After we identified the target hand from the MediaPipe detected hands for frame Vi, we extracted the x and y coordinates of four landmarks (i.e., hand key points): center of wrist joint (WRIST, landmark[0]), thumb carpometacarpal joint (THUMB_CMC, landmark[1]), tip of the thumb (THUMB_TIP, landmark[4]), and tip of the index finger (INDEX_FINGER_TIP, landmark[8]). These coordinates were used to track the finger-tapping angle and movement of the wrist over time. Instead of using Euclidean distance between the thumb-tip and index finger-tip to measure the amplitude, speed, and other metrics to quantify finger-tapping movements, we used the angle incident by three key points: THUMB_TIP, WRIST, and INDEX_FINGER_TIP. This helped us to deal with participants sitting at a variable distance from the camera since the angle is invariant to the camera distance. We computed the angle for each frame of the recorded video (i.e., if a video was recorded at 30 frames/s, we computed the angle 30 times per second). This helped us assess the speed and acceleration of the fingers in a continuous manner.

The computed finger-tapping angles are plotted as a time-series signal in Fig. 5 (left). Negative values of the angle are indicative of a missing hand in the captured frame. For example, at the beginning or at the end of the recording, the hand might not be visible in the recording frame, as the participant needs to properly position their hand. We detected missing hands using the handedness outputs from MediaPipe, which include information about the left/right hand and hand presence confidence score. In particular, if the target hand (left/right) is not recognized as a handedness category or if the hand presence confidence score is less than 0.90, we labeled the frame as having a missing hand. In these cases, we assign a finger-tapping angle of −1.0. However, MediaPipe can also inaccurately miss the hand in many frames, resulting in a negative value for the angle. To address this issue, we implemented a strategy to interpolate missing angle values when the majority of neighboring frames have non-negative values. Specifically, we looked at the five frames before and after the missing value. If the majority had non-negative angles, we interpolated the value using a polynomial fit on the entire signal. Then, we found the largest consecutive segment of frames where the hand is visible (i.e., the finger-tapping angle was non-negative) in the signal and remove the frames before and after that. This helps us to remove the pre and post-task segments where the participants were not tapping their fingers and ensure that the analysis is focused on the relevant segment of the signal. Figure 5 (middle) shows how the raw, noisy signals were converted to cleaner signals after performing this step.

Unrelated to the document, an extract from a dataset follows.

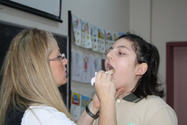 Öğrencilere ağız, çene ve diş sağlığı için düzenli diş hekimi muayenesi ve diş bakımı hakkında bilgi veren Toplum Sağlığı Merkezi Diş Hekimi Dt. Nurcan Yıldırım, Halk Sağlığı Müdürlüğü ile iş birliği yaparak bütün okullarda ağız ve diş sağlığı taraması yapacaklarını bildirdi.
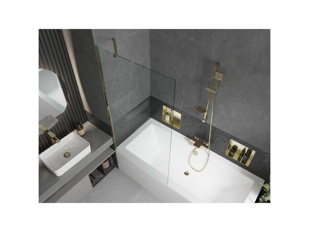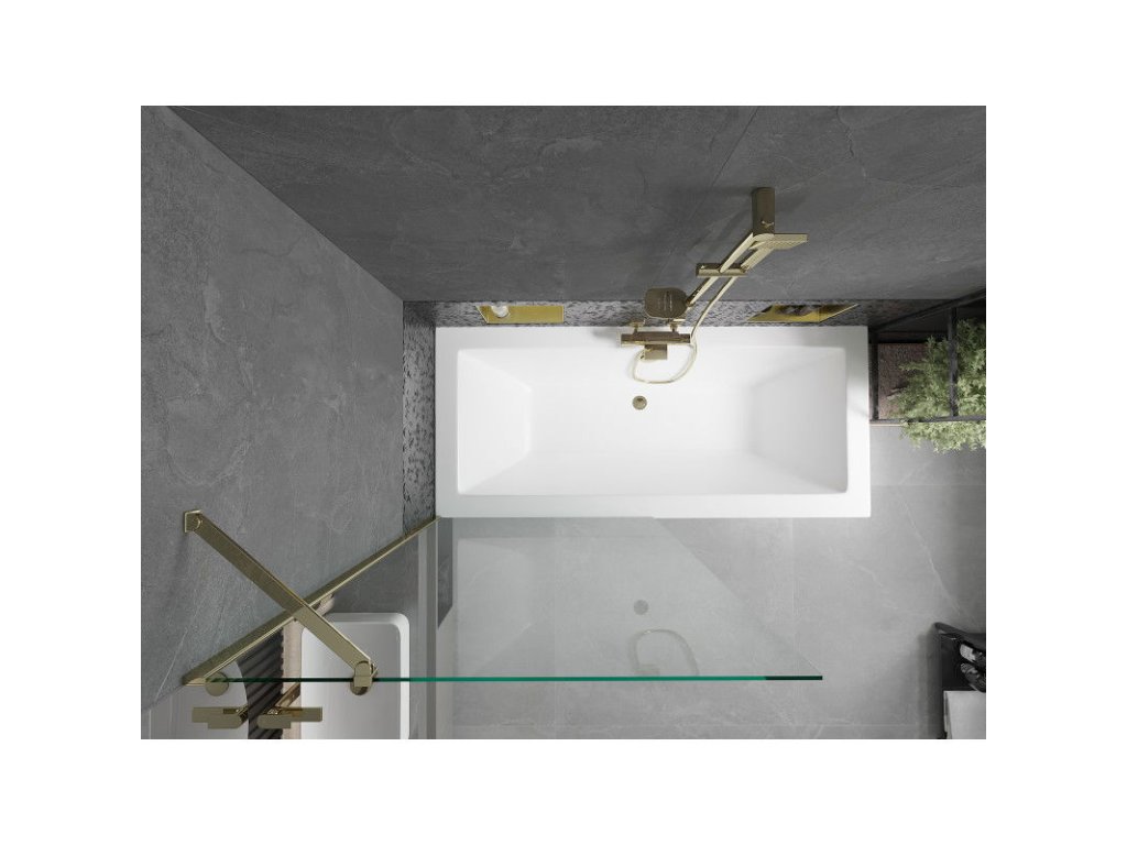 Mexen Obdĺžniková vaňa Cube 170 x 80 cm s krytom a 90 cm 1-krídlovou sprchovou zástenou, transparentná, zlatá - 550517080X9509000050

Fig. 5: Data pre-processing.
figure 5

Finger-tapping angles incident by three hand key points (thumb-tip, wrist, index finger-tip) plotted as a time series. Figures on the left show the noisy raw signals directly extracted using MediaPipe. After the noise reduction step, we identified peak angles (red dots) using a custom peak detection algorithm. Finally, trimming the signal by removing the first and last tap yields the cleanest signal used for analysis, as shown on the right. The top figures depict a person with severe tapping difficulty (severity: 3), resulting in low and irregular amplitudes. The central figures show a person with moderate tapping ability (severity: 2), with slow and interrupted tapping and irregular amplitudes. Finally, the bottom figures show a person with good rhythmic tapping ability, albeit with a slower tapping speed (severity: 1).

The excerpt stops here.